Physical and emotional changes that are a part of premenstrual syndrome occur in nearly 80 percent of women who menstruate. These changes occur due to the hormonal fluctuations within the menstrual cycle, but are generally caused by declining levels of progesterone before the period. Women Living Naturally focuses on diet and dietary supplements and exercise as nondrug ways to alleviate PMS symptoms. The website suggests that women who exercise experience fewer bouts with anger, depression and other PMS symptoms, including stress. It encourages women with PMS to exercise 20 to 45 minutes daily or at least three times a week.

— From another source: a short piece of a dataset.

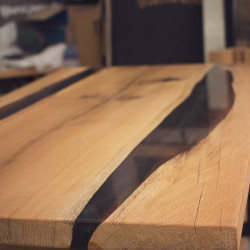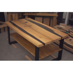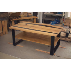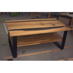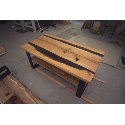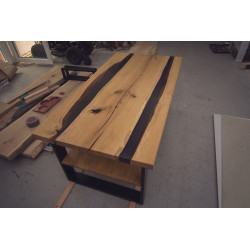 Ručně vyrobený konferenční stůl z Dubu s úložným prostorem. Přírodní suky a praskliny jsou pečlivě vyplněny epoxidovou pryskyřicí, která zajišťuje odolnost a jedinečný vzhled. Každý kus je originál s výraznou kresbou dřeva, vhodný do moderních i rustikálních interiérů.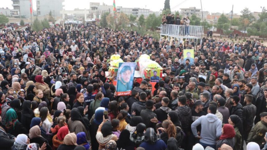 Ji bo şervanê Hêzên Sûriyeya Demokratîk (QSD) Elî Qamişlo (Mihemed Ebdulah) ku 2’yê Çileyê li Şedadê şehîd bûbû û şervanê QSD’ê Zagros Qamişlo (Ehmed El Mihemed) ku 7’ê Kanûna 2024’an li ser rêya Helebê şehîd bûbû, li Şehîdgeha Şehîd Delîl Sarûxan a li bajarê Qamişloyê merasîm hat lidarxistin.

Some women cease having monthly periods when they exercise excessively. Certain types of exercise, such as long-distance running and ballet dancing, are associated with low body weight. The combination of low body weight and excessive exercise cause the body to believe it is in a starvation state. When nutrition does not counteract the calories burned by exercise, the body begins to shut down systems not required for survival, including the reproductive system. Women with exercise-induced amenorrhea are deficient in estrogen, which can cause infertility, vaginal and breast atrophy and osteoporosis. When prolonged, it may increase the risk of heart attack later in life. This state can be reversed by increasing caloric intake or taking estrogen in the form of pills or a patch.
Lower Breast Cancer Risk
BreastCancer.org cites studies showing a link between moderate-to-vigorous exercise and lowered risk of breast cancer. Researchers indicate regular intense exercise reduces breast cancer risk by lowering estrogen levels. One such randomized trial was reported in the "Journal of Clinical Oncology" in February 2010. Researchers followed 320 sedentary postmenopausal women, ages 50 to 74, for one year. Half did 225 minutes per week of aerobic exercise, while the other half maintained their usual activity level. At the end of one year, both estradiol and free-estradiol levels were lower in the exercise group. The researchers say the reductions helped lessen the risk of postmenopausal breast cancer.